Delphini annuisce, concentrata. «E puoi portarmi lì?» gli domanda. «Sicuramente ci saranno degli incantesimi di protezione, ma vale la pena tentare».
«Ho della Polisucco a casa, mio figlio è un Pozionista» commenta Lucius, con una sicurezza che non prova. «Dovrai trasformarti in qualcun altro. Nessuno sa chi sei, ma come spiegherei la tua presenza al Ministero?».
«E in chi dovrei trasformarmi?» domanda Delphini, alzando gli occhi al cielo. «Non tua moglie?».
Lucius scuote il capo, con deliberata lentezza. «In Draco» commenta, piano. «Lui non esce molto di casa, da quando il Ministero gli ha affidato un incarico confidenziale».
Delphi annuisce, con aria concentrata. «Se incontrassi qualcuno» commenta, calma. «Come giustificherei la mia presenza al Ministero?».
«Il Ministro» risponde lui, con certezza annichilente. «Lui va spesso a parlare con il Ministro Granger».

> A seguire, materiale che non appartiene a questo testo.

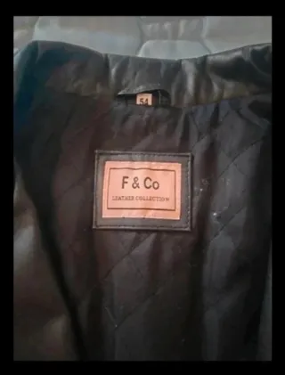 Talla 54. Tiene partes desgastadas, como se ve en algunas fotos. El bolsillo izquierdo está descosido por dentro, como se ve en la última foto. 😬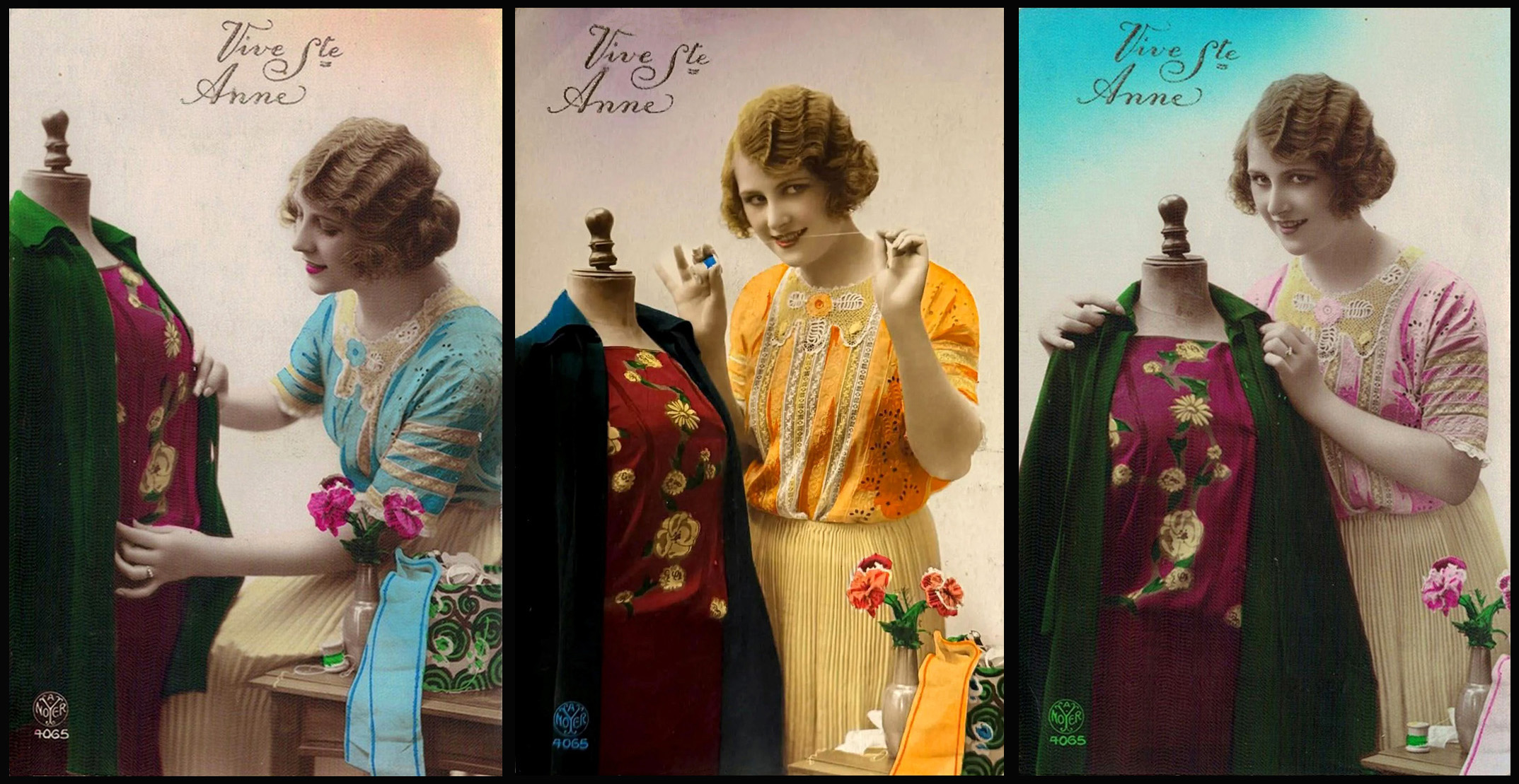 Concernant les cartes postales “romantiques” des années 1930: “Vive Ste Anne”, c’est pour commémorer la sainte patronne des couturières …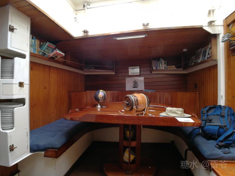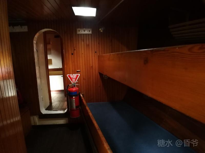 甲班下面的船舱有两个出入口,一个在船头,另外一个在船尾。里面有一个小客厅,船员休息睡觉的铺位,分上下铺,洗手间。舱内空间很狭窄,行走时要特别小心。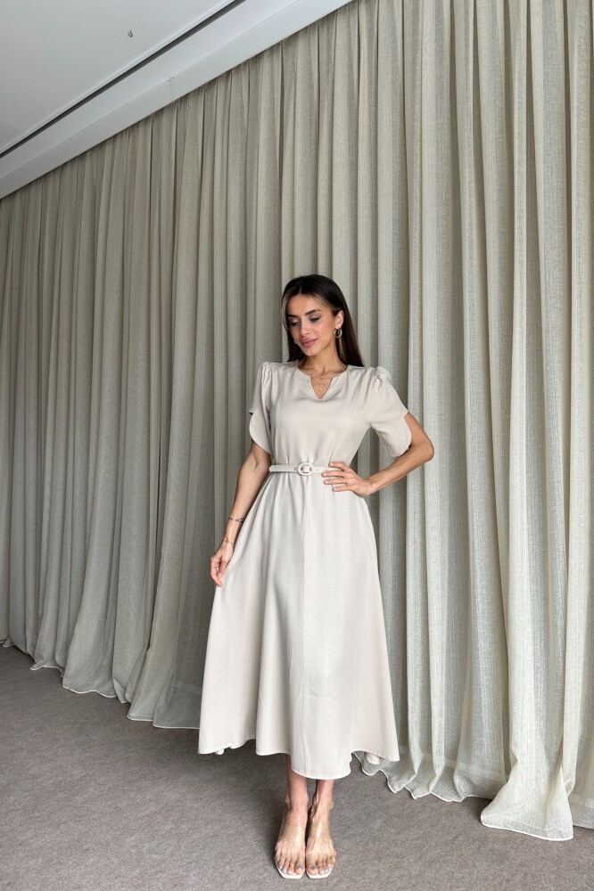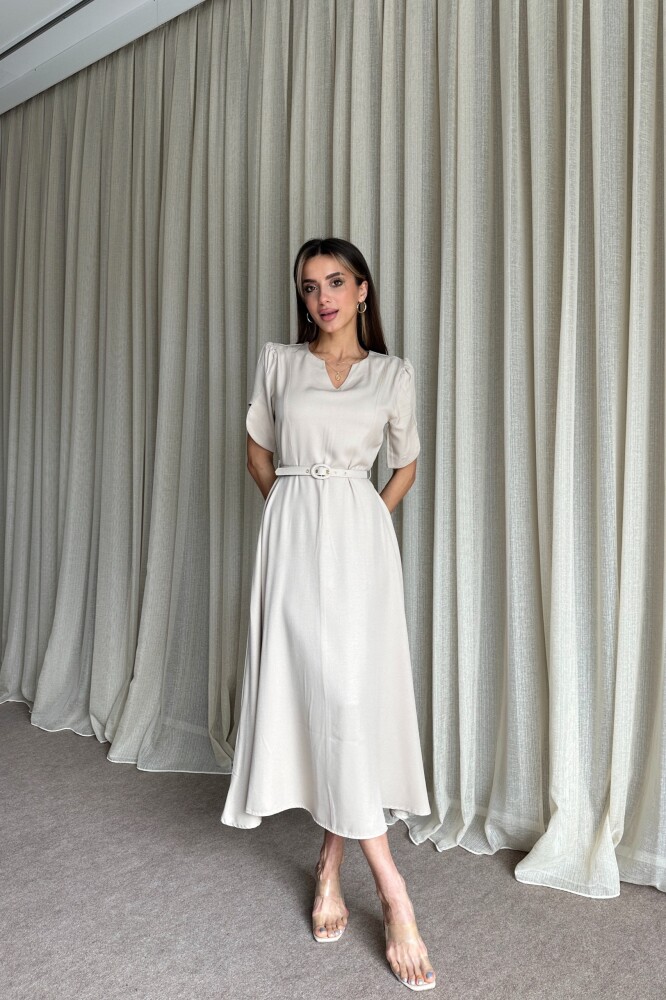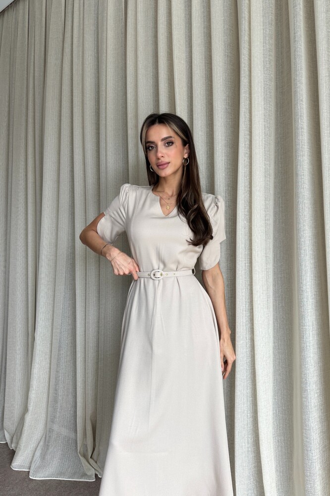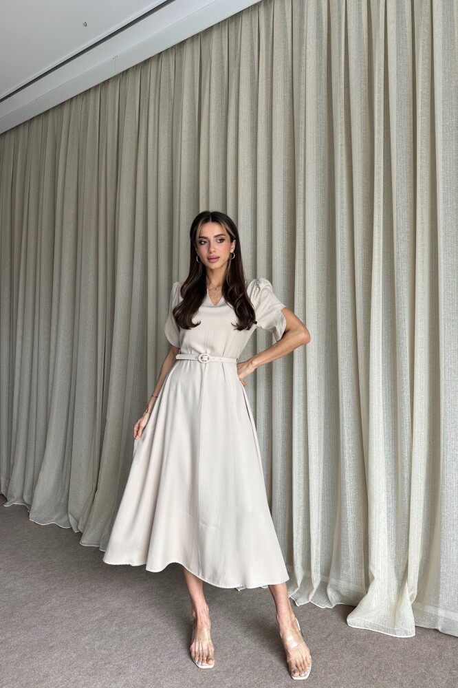 Balon Kol Kemerli Uzun Elbise - Bej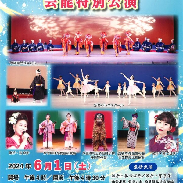 きょう1日午後4時半からマティダ市民劇場で県立芸大OB有志の会と飯島バレエスクール主催の「芸能特別公演」が開催される。

«E perché?» domanda Delphini, con aria perplessa. «Di cosa dovrebbe parlare, tuo figlio, con il Ministro della Magia?».
Lucius abbassa lo sguardo, con aria turbata. «Niente che mi riguardi» commenta, atono. «O, almeno, così dice».
Lei sorride, con aria tremendamente ironica. «Immagino che piangano la morte infelice di Asteria Greengrass» commenta, divertita. «In ginocchio, di fronte alla sua effige».
Lucius non ride.
 
***
 
Undici ore prima, Ministero della Magia.
 
«Benvenuti al Ministero della Magia. Per favore dichiarate il vostro nome e il motivo della visita» trilla la solita fredda voce femminile.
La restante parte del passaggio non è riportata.